▶ **Task inputs**:

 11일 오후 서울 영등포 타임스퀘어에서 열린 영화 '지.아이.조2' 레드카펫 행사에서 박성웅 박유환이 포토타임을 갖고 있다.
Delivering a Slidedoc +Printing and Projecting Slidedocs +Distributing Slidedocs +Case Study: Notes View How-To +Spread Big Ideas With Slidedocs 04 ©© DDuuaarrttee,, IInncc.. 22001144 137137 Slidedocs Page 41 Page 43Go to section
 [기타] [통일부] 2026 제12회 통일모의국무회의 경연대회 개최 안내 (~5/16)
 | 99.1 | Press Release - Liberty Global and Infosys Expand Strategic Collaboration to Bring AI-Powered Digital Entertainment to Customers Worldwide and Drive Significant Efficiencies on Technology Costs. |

---

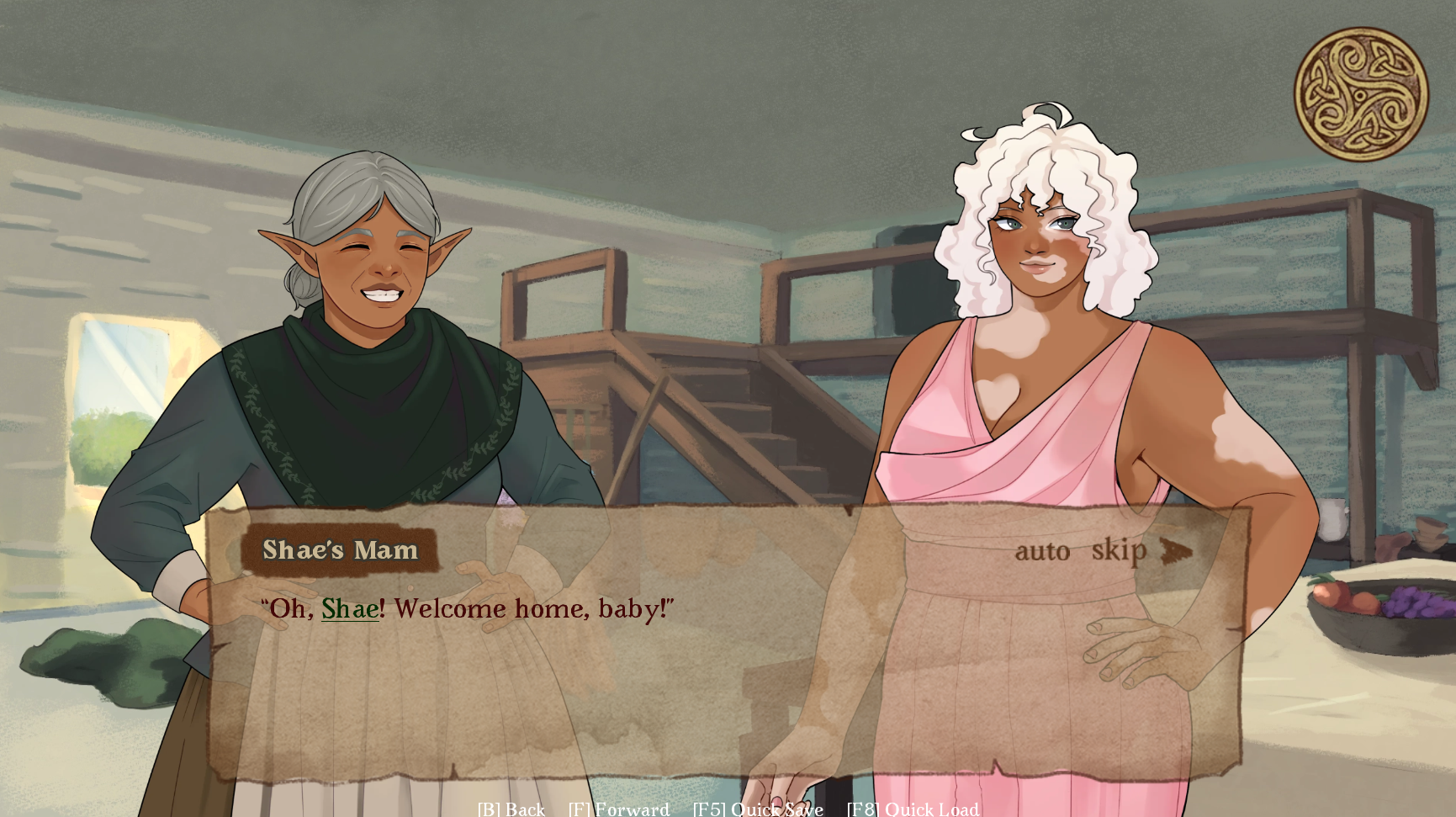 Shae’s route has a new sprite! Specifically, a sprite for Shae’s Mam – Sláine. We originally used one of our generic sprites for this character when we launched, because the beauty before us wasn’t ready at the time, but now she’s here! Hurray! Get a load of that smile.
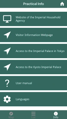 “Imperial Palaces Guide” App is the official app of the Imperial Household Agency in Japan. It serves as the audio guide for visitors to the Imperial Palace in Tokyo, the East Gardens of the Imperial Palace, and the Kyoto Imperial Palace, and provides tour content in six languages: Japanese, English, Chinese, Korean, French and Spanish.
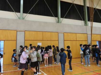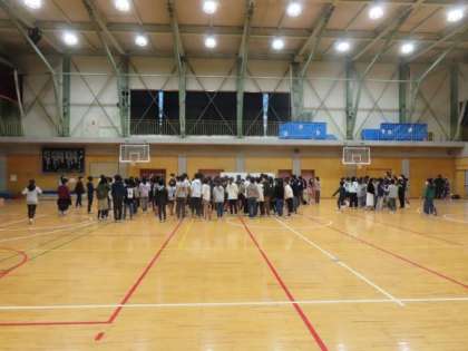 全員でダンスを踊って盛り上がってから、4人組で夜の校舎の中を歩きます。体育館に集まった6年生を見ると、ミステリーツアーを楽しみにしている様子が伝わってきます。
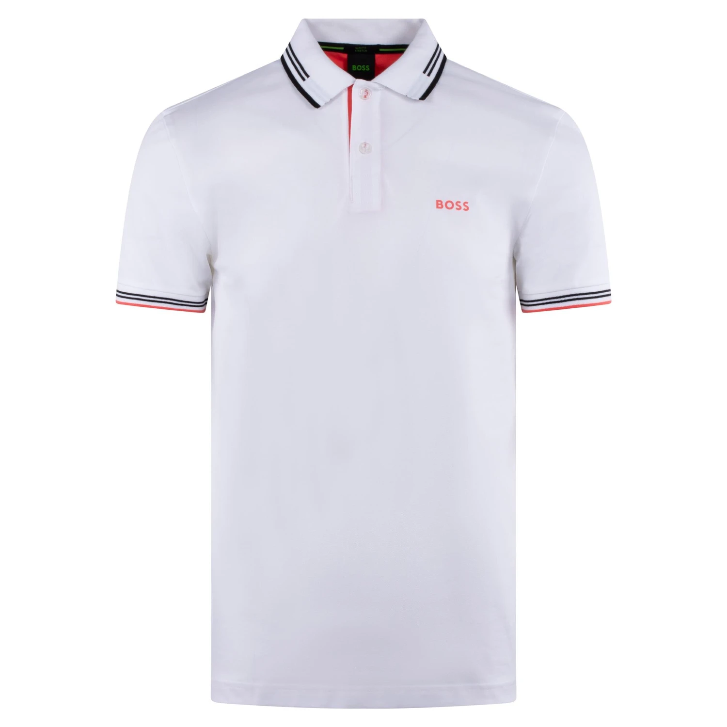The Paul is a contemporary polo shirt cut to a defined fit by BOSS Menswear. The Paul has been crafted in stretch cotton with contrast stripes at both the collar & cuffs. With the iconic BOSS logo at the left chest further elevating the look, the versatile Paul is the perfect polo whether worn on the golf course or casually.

==

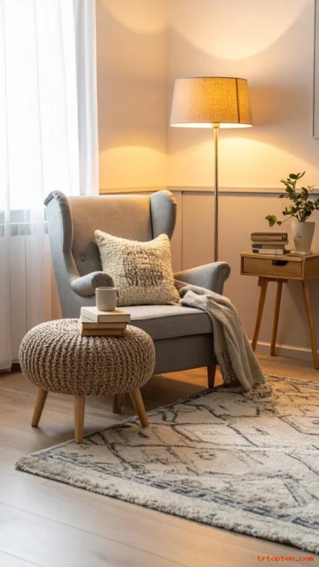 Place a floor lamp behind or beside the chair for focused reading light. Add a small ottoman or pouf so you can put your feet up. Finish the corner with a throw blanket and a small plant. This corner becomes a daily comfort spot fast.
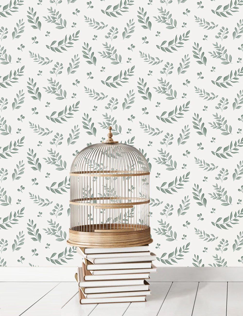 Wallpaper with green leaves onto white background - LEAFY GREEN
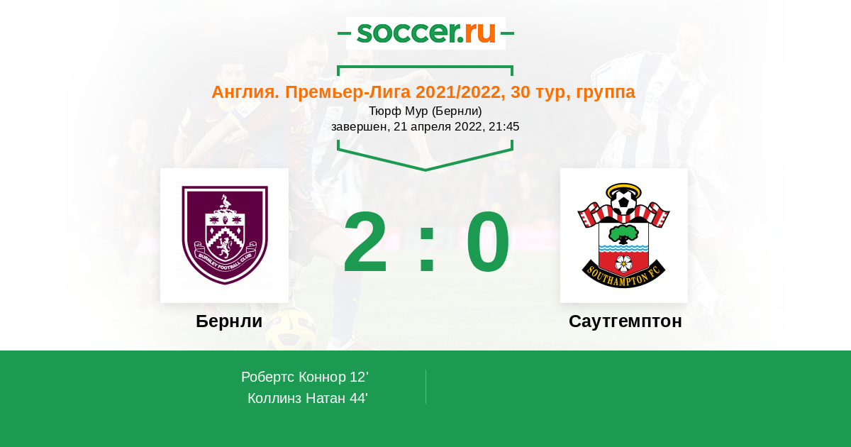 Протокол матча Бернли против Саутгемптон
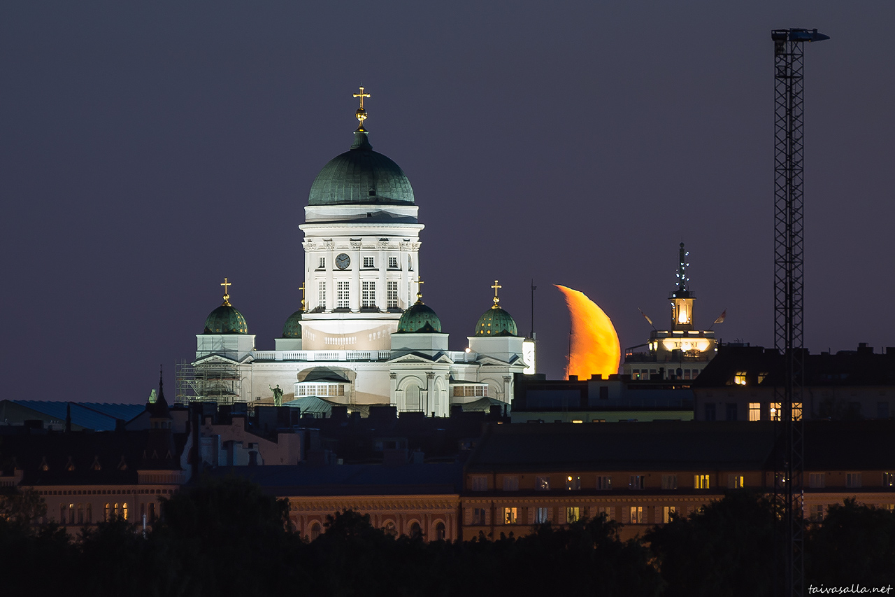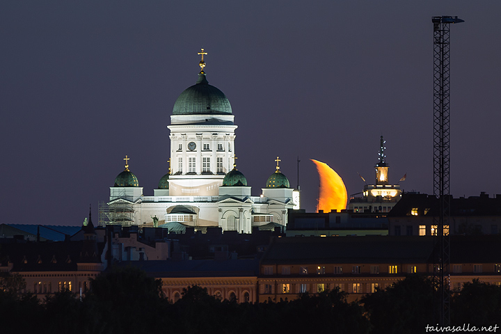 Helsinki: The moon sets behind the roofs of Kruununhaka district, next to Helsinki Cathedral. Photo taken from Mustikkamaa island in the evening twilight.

▶ **Exercise brief**: Every line above from the line with "Delivering a Slidedoc" to the line with "[기타] [통일부] 2026" is wanted, ends included; write them out exactly and add no other line.

▶ **Answer area**:
Delivering a Slidedoc +Printing and Projecting Slidedocs +Distributing Slidedocs +Case Study: Notes View How-To +Spread Big Ideas With Slidedocs 04 ©© DDuuaarrttee,, IInncc.. 22001144 137137 Slidedocs Page 41 Page 43Go to section
 [기타] [통일부] 2026 제12회 통일모의국무회의 경연대회 개최 안내 (~5/16)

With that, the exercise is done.